Jia Jianhua, Liu Zi, Xiao Xuan, Liu Bingxiang, Chou Kuo-Chen
Computer Department, Jing-De-Zhen Ceramic Institute, Jing-De-Zhen 333403, China; School of Computer Science, University of Birmingham, Edgbaston Birmingham B15 2TT, UK.
Computer Department, Jing-De-Zhen Ceramic Institute, Jing-De-Zhen 333403, China.
J Theor Biol. 2015 Jul 21;377:47-56. doi: 10.1016/j.jtbi.2015.04.011. Epub 2015 Apr 20.
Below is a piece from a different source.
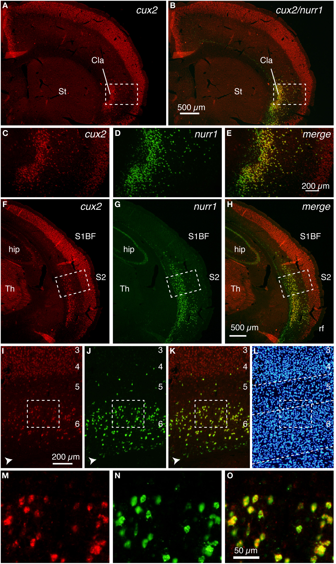 Colocalization of cux2 and nurr1 mRNAs in the claustrum and cortical deep layer of the mouse brain. DIG-labeled cux2 antisense probe (detected in red) and FITC-labeled nurr1 antisense probe (detected in green) were hybridized to the coronal sections of the mouse brain. (A,B) Double ISH of cux2 (red) and nurr1 (green) mRNAs in the frontal section. (A) shows only the red channel (cux2 signal), while (B) shows the merged view for red and green channels of the same section. (C–E) The dashed rectangles in (A,B) were magnified and shown for different channels. (C,D) show the signals for cux2 and nurr1 mRNAs and (E) shows the merged image of (C,D). (F–H) Double ISH of cux2 and nurr1 in the more posterior section. (F,G) show red (cux2 signal) and green (nurr1) channels, while (H) shows the merged view for red and green channels. (I–K) Dashed rectangles in (F–K) were magnified. The arrowheads in panels (I–K) indicate the nurr1+/cux2− cells in layer 6b. (L) Hoechst nuclear staining to confirm lamina boundaries in (I–K). The dashed lines indicate the lamina borders determined by the density of nuclear staining. (M–O) Dashed rectangles in (I–K) were magnified. Note exact colocalization of the two mRNAs in (O). Cla, claustrum; hip, hippocampus; rf, rhinal fissure; S1BF, somatosensory barrel field; S2, secondary somatosensory area; St, striatum; Th, thalamus.

A cell contains thousands of proteins. Many important functions of cell are carried out through the proteins therein. Proteins rarely function alone. Most of their functions essential to life are associated with various types of protein-protein interactions (PPIs). Therefore, knowledge of PPIs is fundamental for both basic research and drug development. With the avalanche of proteins sequences generated in the postgenomic age, it is highly desired to develop computational methods for timely acquiring this kind of knowledge. Here, a new predictor, called "iPPI-Emsl", is developed. In the predictor, a protein sample is formulated by incorporating the following two types of information into the general form of PseAAC (pseudo amino acid composition): (1) the physicochemical properties derived from the constituent amino acids of a protein; and (2) the wavelet transforms derived from the numerical series along a protein chain. The operation engine to run the predictor is an ensemble classifier formed by fusing seven individual random forest engines via a voting system. It is demonstrated with the benchmark dataset from Saccharomyces cerevisiae as well as the dataset from Helicobacter pylori that the new predictor achieves remarkably higher success rates than any of the existing predictors in this area. The new predictor׳ web-server has been established at http://www.jci-bioinfo.cn/iPPI-Esml. For the convenience of most experimental scientists, we have further provided a step-by-step guide, by which users can easily get their desired results without the need to follow the complicated mathematics involved during its development.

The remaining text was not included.